BRASÍLIA – Com a crise econômica, que reduziu a atividade produtiva e diminuiu a arrecadação pública, e a nova lei do teto de gastos em tramitação no Congresso Nacional, os governos estaduais querem pôr a mão em parte do dinheiro repatriado do exterior. Denominada de ‘regularização de ativos’, no dinheiro não declarado à Receita Federal e que os donos desejam trazer de volta aos bancos no Brasil incidirá 15% de Imposto de Renda e de 15% de multa em troca da anistia do crime de evasão de divisas. A Constituição estabelece que os Estados automaticamente ficam com 21,5% do Imposto de Renda e os municípios, com 23,5%. A partilha das multas, no entanto, não está especificada. Os governadores ameaçam ir à Justiça para ter direito também à parte das multas.
Procuradores dos 26 Estados e do Distrito Federal se reuniram em Brasília, nesta quarta-feira, 12, para definir a estratégia de cobrança. Segundo o governador do Piauí, Wellington Dias, existe consenso quanto ao recurso à Justiça, faltando apenas definir se as unidades da Federação entrarão com ações em primeira instância, na Justiça Federal, ou se recorrerão diretamente ao Supremo Tribunal Federal (STF).
Wellington Dias disse que tanto o Artigo 160 da Constituição quanto o Artigo 113 do Código Tributário Nacional estabelecem que as multas também devem ser divididas com os Estados e municípios. “Se tivermos aproximadamente R$ 50 bilhões de receita do IR (Imposto de Renda) e de multa, sendo metade da multa e metade do Imposto de Renda, o que temos como líquido e certo é que 21,5% desse valor total é partilhado com os estados, aproximadamente 24% com os municípios. O restante é da União”, declarou.
O Ministério da Fazenda informou que pode revisar para cima a estimativa de arrecadação com a repatriação, atualmente em R$ 50 bilhões, para os próximos anos. Além de instituir a partilha das multas, o projeto arquivado na Câmara previa a ampliação do prazo para declarar os bens e os ativos no exterior de 31 de outubro para 16 de novembro. Com a derrubada do acordo de votação na Câmara, os governadores devem começar a receber os recursos do Imposto de Renda até 20 de novembro.
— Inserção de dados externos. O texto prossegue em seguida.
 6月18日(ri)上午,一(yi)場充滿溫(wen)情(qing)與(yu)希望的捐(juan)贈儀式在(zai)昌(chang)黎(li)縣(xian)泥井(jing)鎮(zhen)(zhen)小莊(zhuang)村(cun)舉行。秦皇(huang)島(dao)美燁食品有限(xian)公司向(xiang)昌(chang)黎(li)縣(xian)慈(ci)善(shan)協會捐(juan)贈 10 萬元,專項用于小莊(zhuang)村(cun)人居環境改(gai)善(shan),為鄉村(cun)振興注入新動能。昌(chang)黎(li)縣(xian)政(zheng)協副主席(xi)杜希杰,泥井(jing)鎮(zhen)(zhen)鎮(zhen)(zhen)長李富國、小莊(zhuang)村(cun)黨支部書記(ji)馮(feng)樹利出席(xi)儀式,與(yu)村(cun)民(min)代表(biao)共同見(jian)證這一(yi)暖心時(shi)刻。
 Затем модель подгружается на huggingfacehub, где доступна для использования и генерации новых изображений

“Ficou de ser trabalhado com a Receita que o entendimento do conjunto dos procuradores dos Estados e Distrito Federal de uma mesma fonte que compõe o Fundo de Participação dos Estados. Uma parte próxima da metade pertence à União e outra parte, aos estados e municípios. Não ocorrendo, cabe aos estados a decisão sobre buscar seu direito na Justiça”, reiterou Dias.
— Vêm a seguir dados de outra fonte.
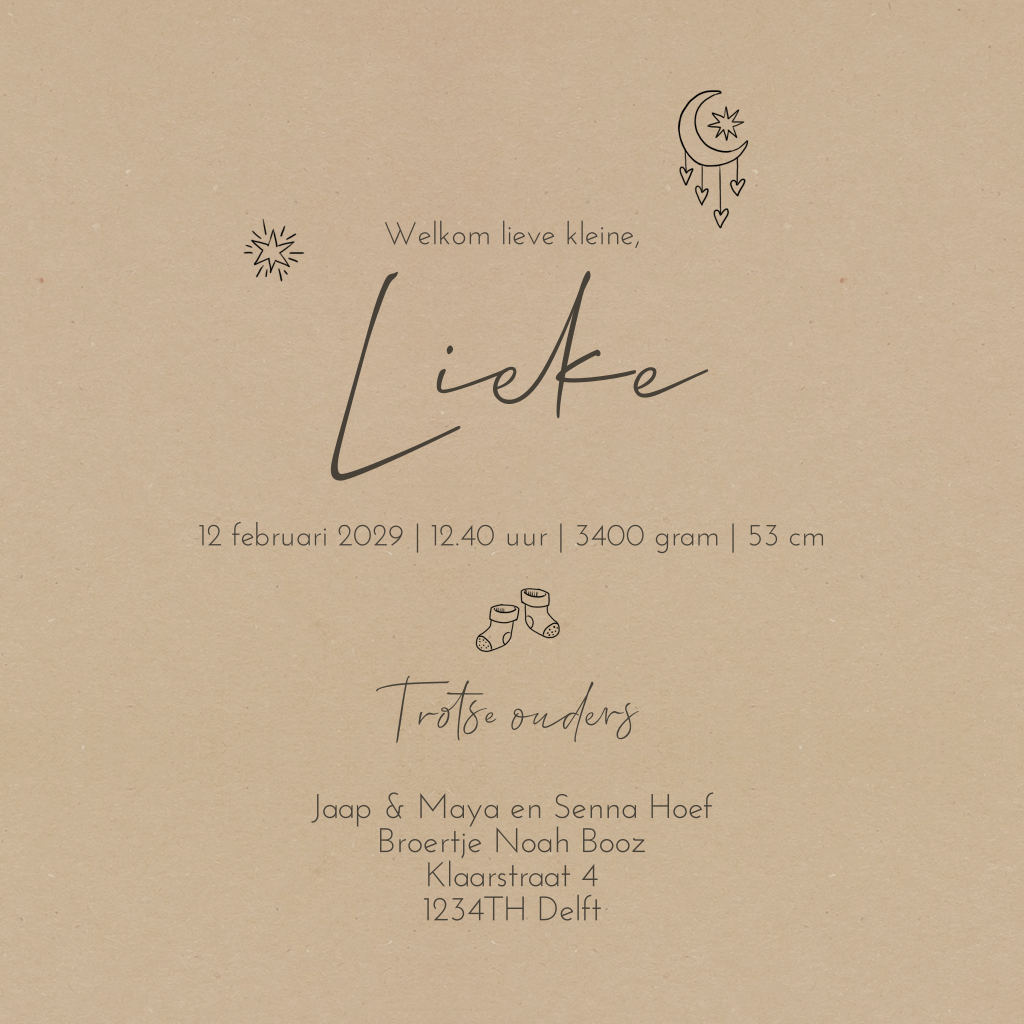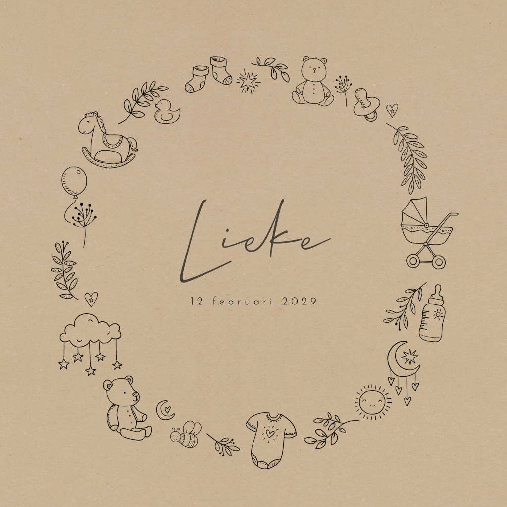 Geboortekaartje unisex lijntekening cirkel met baby elementen

Anteriormente, governadores do Acre, Amazonas, Distrito Federal, Mato Grosso, Maranhão, Pará, Piauí, Rondônia, Sergipe e Tocantins se reuniram para cobrar o ministro Henrique Meireles (Fazenda), que estava viajando. ) governador do Distrito Federal, Rodrigo Rollemberg, disse que o arquivamento do projeto na Câmara representa um “balde de água gelada” nas expectativas dos estados. “Ficamos surpresos com a notícia porque esse tema foi aprovado por consenso dos governadores. Agora temos que consultar novamente os governadores para saber qual é a posição conjunta para ser adotada e checar se o presidente da Câmara estaria disposto a retomar a agenda na semana que vem”, disse Rollemberg.